The 2018 poverty data is significant because the Family Income and Expenditure Survey (FIES) 2018 on which it was based, has a huge sample size — 180,000 households, responding to a questionnaire of 81 pages long (50 on expenditures, 24 on income including entrepreneurial activities, and seven on sociodemographics), and the average interview time is four to six hours — Wow! FIES is done every three years.
To summarize, poverty incidence among families has declined from 18% in 2015 to only 12% in 2018; poverty incidence among individuals declined from 23% in 2015 to 17% in 2018 (see Table 1).

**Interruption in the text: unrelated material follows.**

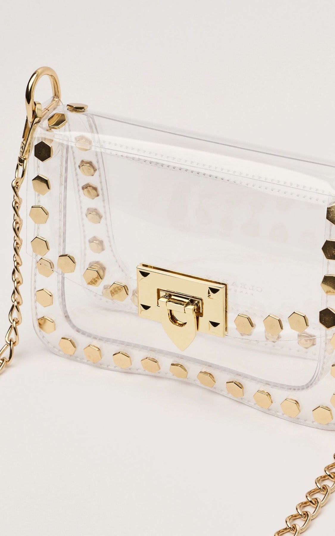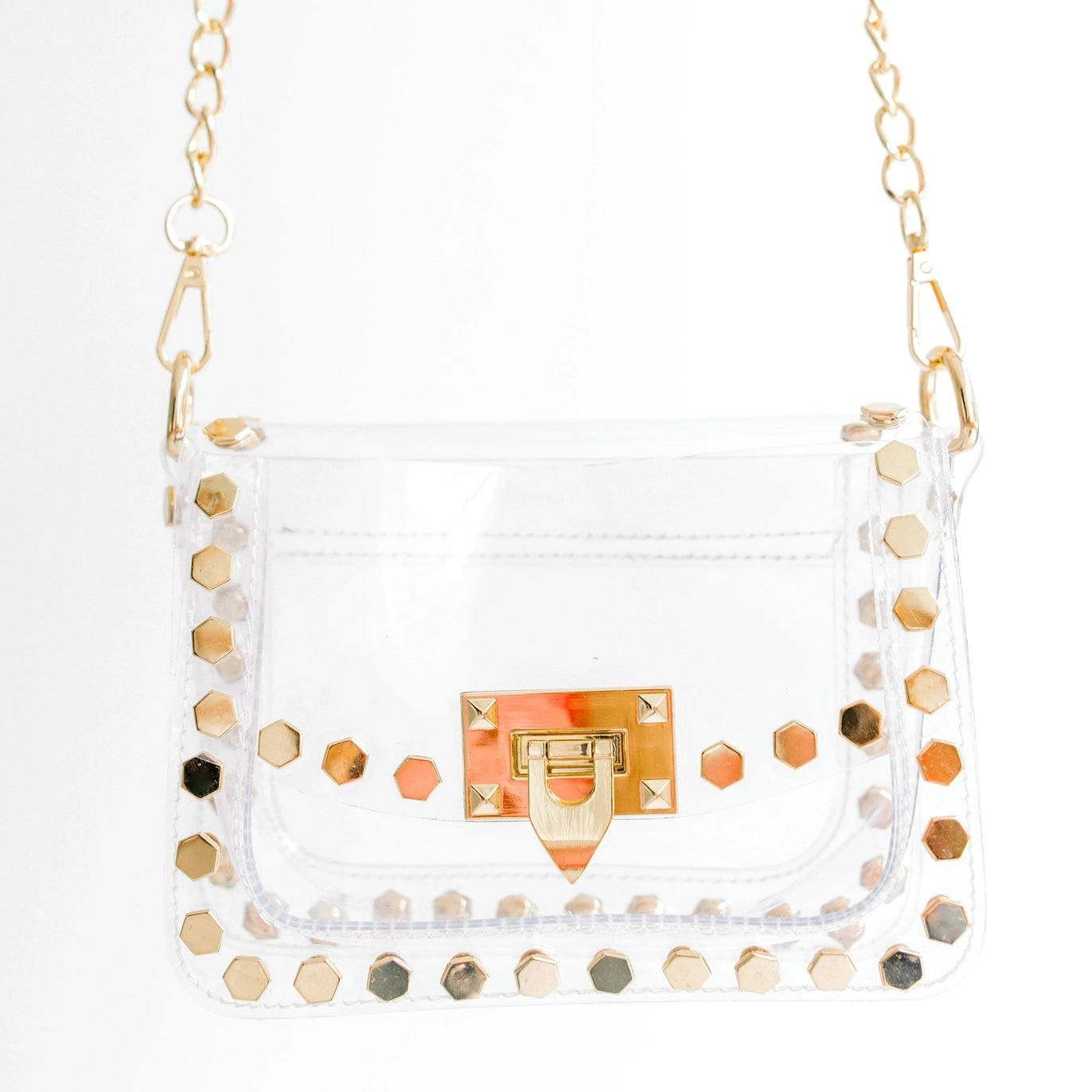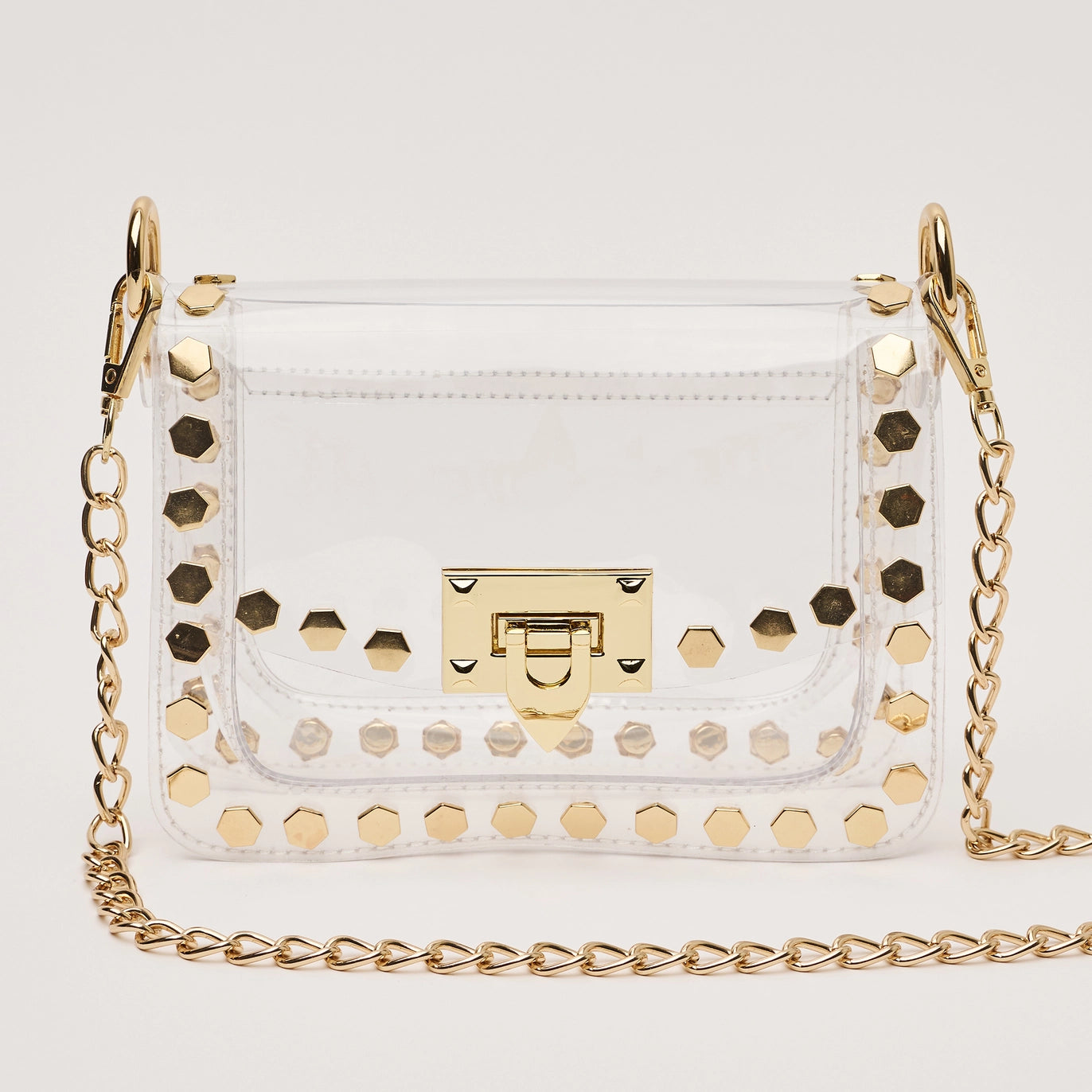 Score with the biggest winner in our clear handbag playbook - The Jackie! The Jackie changed the handbag game by proving clear handbags could be both functional and chic. This style includes alternating black and red square metal studs and a gold chain. The Jackie is NCAA and NFL-compliant and the ideal size to hold your wallet, phone, keys, lip gloss, and a few other small items.

I have observed since many years ago that poverty incidence in the country has been declining and previous poverty data would be exaggerated. Before, the poor would ride bicycles or horses, now they ride motorcycles, e-bikes, second- or third-hand cars. Before, the poor used slow mail to communicate, now they use smart phones and communicate via Facebook, Instagram, e-mail, and SMS. Before, farmers used carabaos or hand tractors to plow their field, now they use or rent rotor tractors and harvester + thresher machines that significantly reduce the time and cost of harvesting their crops.
Credit goes to continuing market competition and technological innovation and modernization in cars and mobility, consumer electronics and agriculture machinery. The pessimists of “the poor getting poorer” just fan emotional slogans that are not based on hard facts on the ground.
After Dennis’ lecture, PSA and Ateneo signed a Memorandum of Agreement (MoA) that will allow the university’s faculty, staff, students, and researchers access to the public use files (or anonymized raw data) of the various census and surveys being undertaken by the PSA. I assume that University of the Philippines School of Economics (UPSE) and other colleges will have a similar privilege soon.
This week I saw the paper by Dr. Epictetus E. Patalinghug, “Too Much and Too Fast? A Look at the Philippines’ Infrastructure Build Up Program,” UP Professor Emeritus Research Paper July 2019. Dr. Patalinghug was my teacher at UPSE in early 1980s before he transferred to teaching at the neighbour building, the UP College of Business Administration. He was also among my wedding godfathers along with another former UPSE, Prof. Ruperto Alonzo (RIP).
Among the data he presented was about these huge build-build-build (BBB) projects of the Duterte administration and the promises of early completion that do not coincide with their delayed construction (see Table 2).
The paper is 15 pages long, including four tables and references. The Duterte BBB team of the Department of Public Works and Highways, the Department of Transportation, the Department of Finance, the National Economic and Development Authority, etc. should read it. Dr. Patalinghug concluded his paper with this note:
“… absorptive capacity constraints has created implementation bottlenecks in the BBB program and has reduced the success rate and impact of individual projects… Given the current pace of project implementation, most of the BBB projects will be completed beyond 2022. The next administration will experience several ribbon-cutting ceremonies, as much as the current administration has experienced several ribbon-cutting ceremonies on projects initiated by the previous administration.”
Recall also the paper by another former teacher of mine at UPSE, Dr. Emmanuel de Dios, published on Feb. 10 (see https://www.bworldonline.com/waste-and-means/) where he observed that “investment during the first half of Duterte’s term has been the least efficient in producing growth. The ICOR (incremental capital-output ratio) of 4.7 for 2017-2019 is the highest it has been over the past 15 years.”
A high ICOR means high waste in public investments. Like destroying not-so-ugly roads and building new roads on the same spot and flaunting this as BBB spending.
The administration’s BBB are mostly under “hybrid PPP” schemes and hence, would require lots of tax-tax-tax and borrow-borrow-borrow. Bad policy considering that the original integrated PPP scheme would optimize private investments’ construction plus O&M later, with no need for more taxes and borrowings.
Bienvenido S. Oplas, Jr. is the president of Minimal Government Thinkers.